Les détenus libérés cette semaine sont issus de diverses cultures politiques. Certains sont identifiés à la gauche, principalement le Front populaire de libération de la Palestine et le Front démocratique, d'autres sont des indépendants qui penchent à gauche. Quelques-uns des détenus libérés sont connus comme des partisans du Jihad islamique, d'autres sont des novices en matière d'activité politique. Les membres du nouveau parti qui était censé se présenter aux élections annulées, et qui s'appelle Y en a marre, étaient également visibles. Un seul détenu - Youssef Sharqawi - est un vétéran du Fatah, revenu d'exil au Liban.
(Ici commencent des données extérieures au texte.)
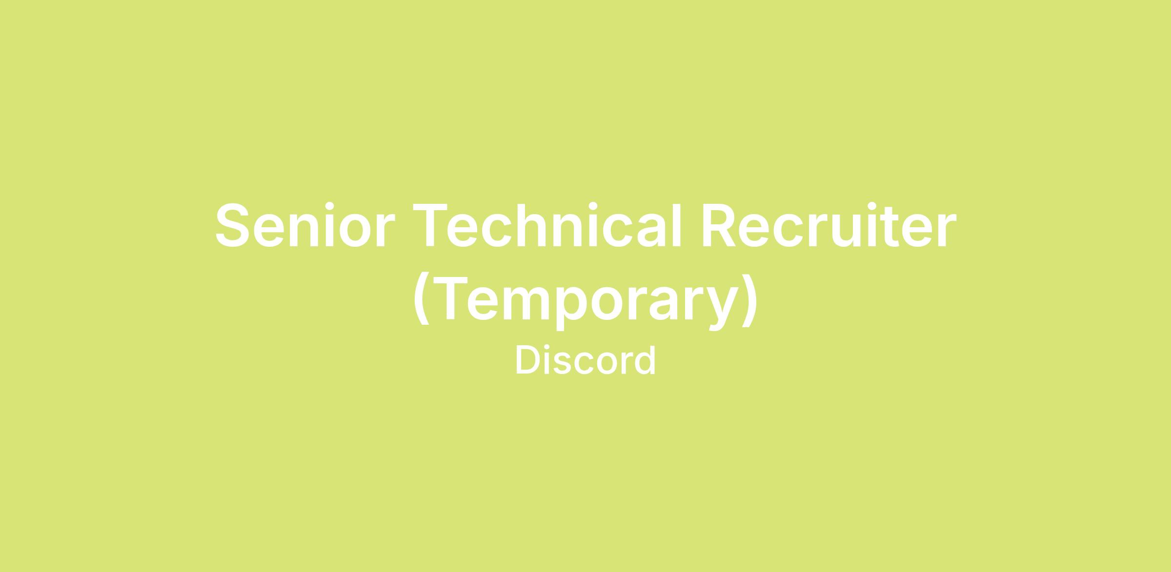Working at Discord is like working with an exciting and motivated family. Finding the right people to add to our unique mix is a difficult endeavor, so we're looking for a Senior Technical Recruiter to join our recruiting team and help us maintain a smooth and positive experience for remarkable candidates.
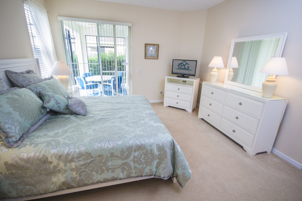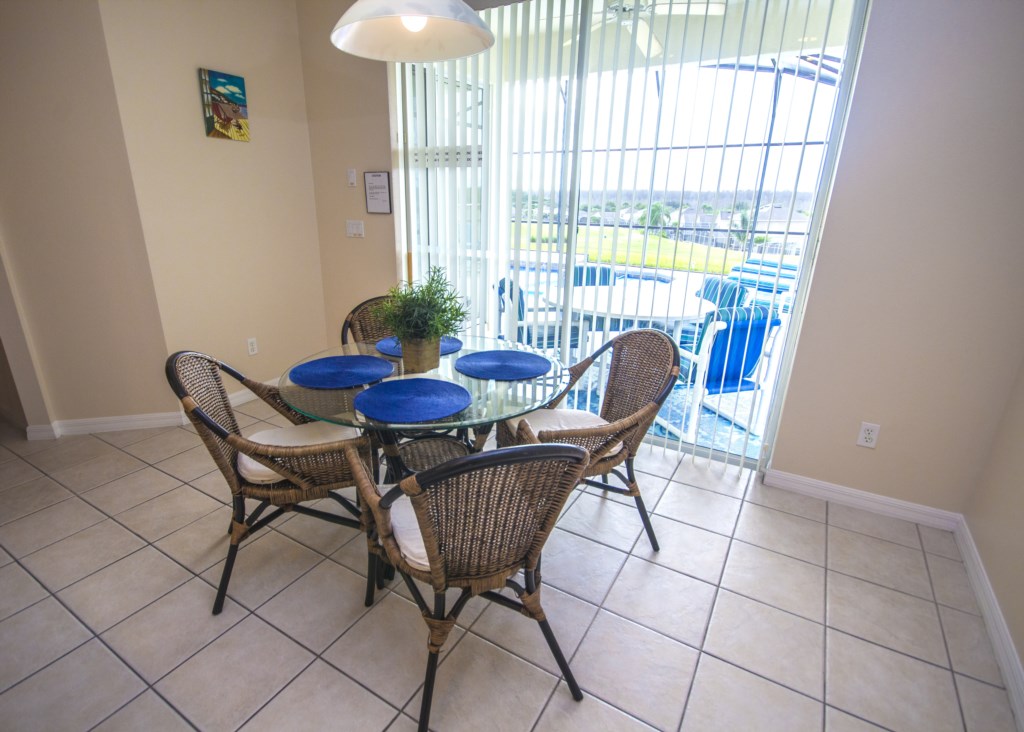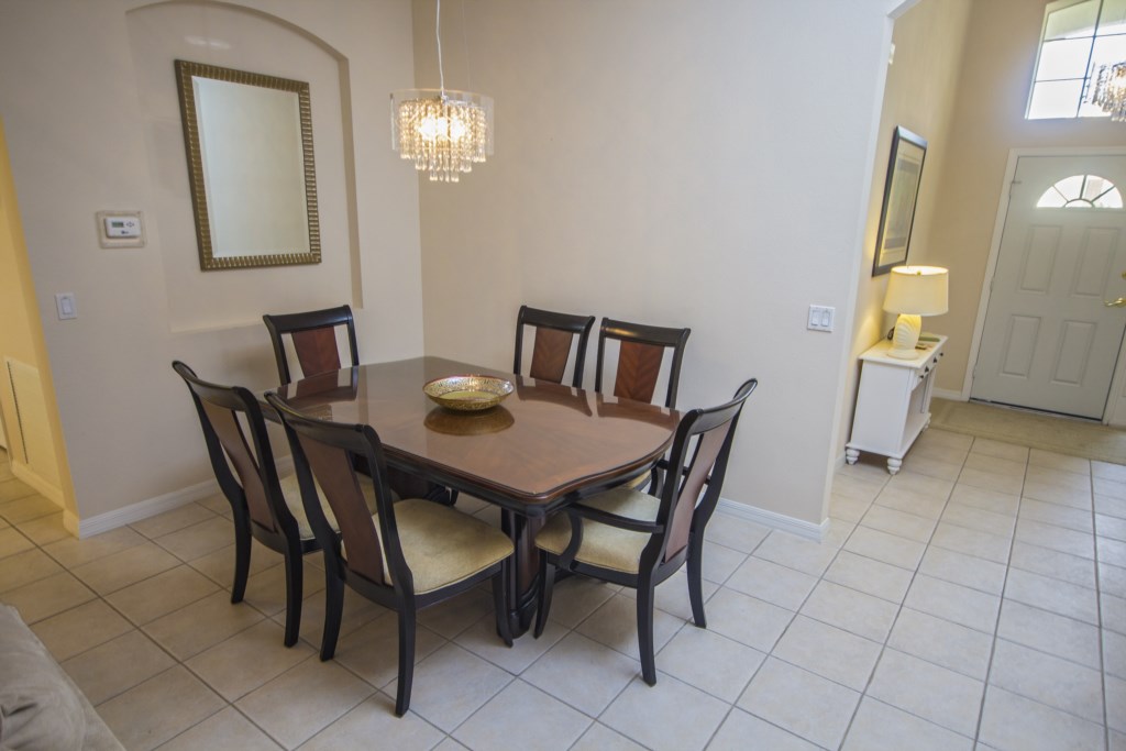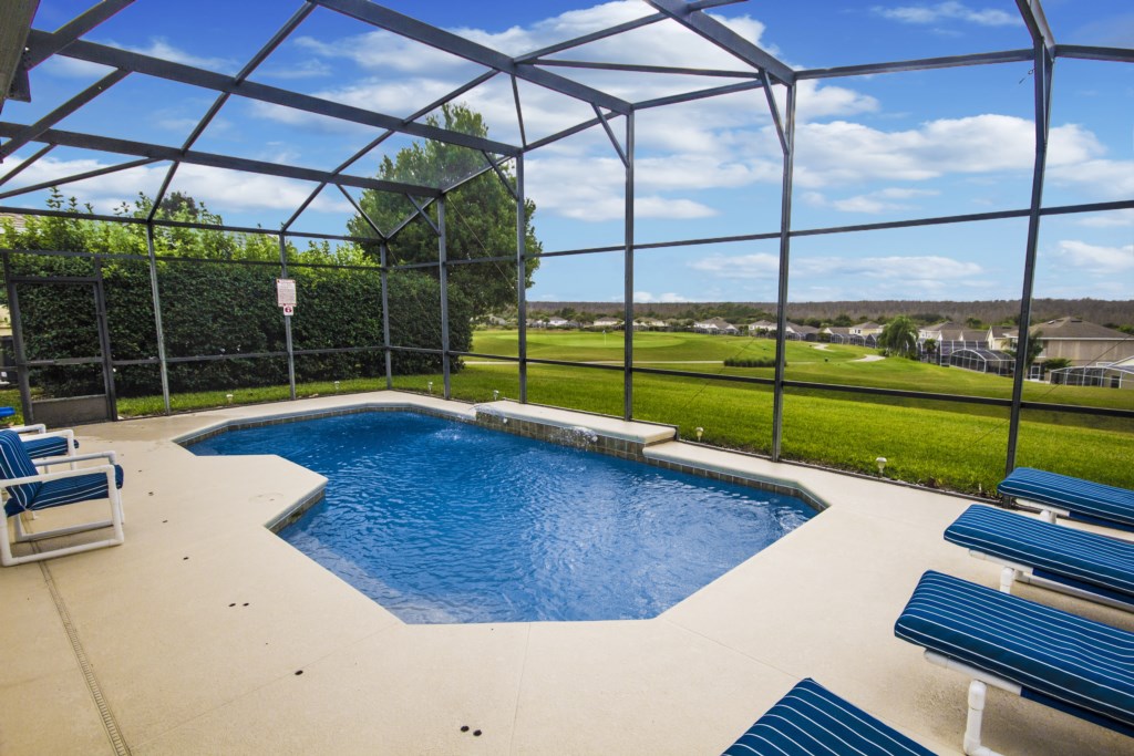 The favorite area of the home would have to be the pool area. Overlooking the golf course, this gorgeous pool is perfect for exercising in or just playing around in. The large patio area is welcoming and a number of new and cushioned sun loungers line the pool’s side. If you want to escape the sun, you’llalso have the option to sit under the covered lanai area where there’s a comfortable table and outdoorseating that could comfortably seat 4-6 guests.

Dès leur libération, dans des interviews et sur Facebook, les détenus ont immédiatement appelé le public à participer à une manifestation qui a eu lieu mercredi, à l'initiative de cinq organisations de gauche. La manifestation s'est déroulée sans incident.
Les détenus libérés se sont dits choqués par les conditions d'emprisonnement et ont promis d'agir pour les améliorer. Ils ont déclaré que 23 personnes avaient été placées dans une cellule au lieu de sept, que les toilettes étaient sales, qu'il y avait un manque de lits, qu'aucune précaution n'avait été prise pour empêcher la propagation du coronavirus, qu'il n'y avait pas de médicaments pour les détenus malades, qui devaient de toute façon les payer eux-mêmes, et que dans certains cas, les détenus étaient victimes de violences. Ils n'avaient pas grand-chose à dire sur la nourriture, car la plupart d'entre eux faisaient une grève de la faim.
Mercredi, quelques manifestants ont déclaré que l'une des réponses à la question "Que s'est-il passé entre samedi et mercredi" était "l'argent". En effet, les pays donateurs de l'Autorité palestinienne ont prévenu qu'ils suspendraient l'aide financière qu'ils fournissent régulièrement si les détenus n'étaient pas libérés et si le droit à la liberté d'expression n'était pas suspendu.
C'est une spéculation, peut-être un souhait des manifestants. Car après tout, la suppression des libertés et les arrestations aléatoires n'ont rien de nouveau. La mission de l'autorité - préserver la stabilité des relations avec Israël - est plus importante pour les donateurs que sa conduite interne. Toutefois, l'Union européenne, la Suisse, la Norvège et la Grande-Bretagne ont effectivement publié une déclaration commune exprimant leur "inquiétude" face à ces détentions.